***** Dataset *****
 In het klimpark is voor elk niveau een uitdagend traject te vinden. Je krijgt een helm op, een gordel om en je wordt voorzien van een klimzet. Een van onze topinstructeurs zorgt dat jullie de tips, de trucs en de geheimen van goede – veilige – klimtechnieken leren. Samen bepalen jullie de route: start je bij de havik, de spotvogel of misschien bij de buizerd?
*****
***** Dataset *****
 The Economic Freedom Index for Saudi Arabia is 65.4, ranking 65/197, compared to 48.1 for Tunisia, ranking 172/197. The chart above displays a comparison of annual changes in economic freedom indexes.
*****
***** Dataset *****
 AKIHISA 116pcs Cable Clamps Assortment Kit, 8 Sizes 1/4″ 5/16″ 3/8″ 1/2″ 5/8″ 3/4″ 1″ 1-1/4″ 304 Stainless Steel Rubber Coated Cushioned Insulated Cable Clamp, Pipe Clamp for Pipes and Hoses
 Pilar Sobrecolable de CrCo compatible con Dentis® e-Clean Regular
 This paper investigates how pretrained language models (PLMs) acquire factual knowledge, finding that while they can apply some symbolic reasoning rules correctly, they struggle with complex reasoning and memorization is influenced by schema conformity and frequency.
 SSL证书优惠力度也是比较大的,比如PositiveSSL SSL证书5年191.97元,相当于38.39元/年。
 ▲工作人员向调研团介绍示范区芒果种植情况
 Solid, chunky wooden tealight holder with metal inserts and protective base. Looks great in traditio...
*****
> Work task: For every line of the records that has the word "with" in it, make a copy.

> Result of the task:
 This paper investigates how pretrained language models (PLMs) acquire factual knowledge, finding that while they can apply some symbolic reasoning rules correctly, they struggle with complex reasoning and memorization is influenced by schema conformity and frequency.
 Solid, chunky wooden tealight holder with metal inserts and protective base. Looks great in traditio...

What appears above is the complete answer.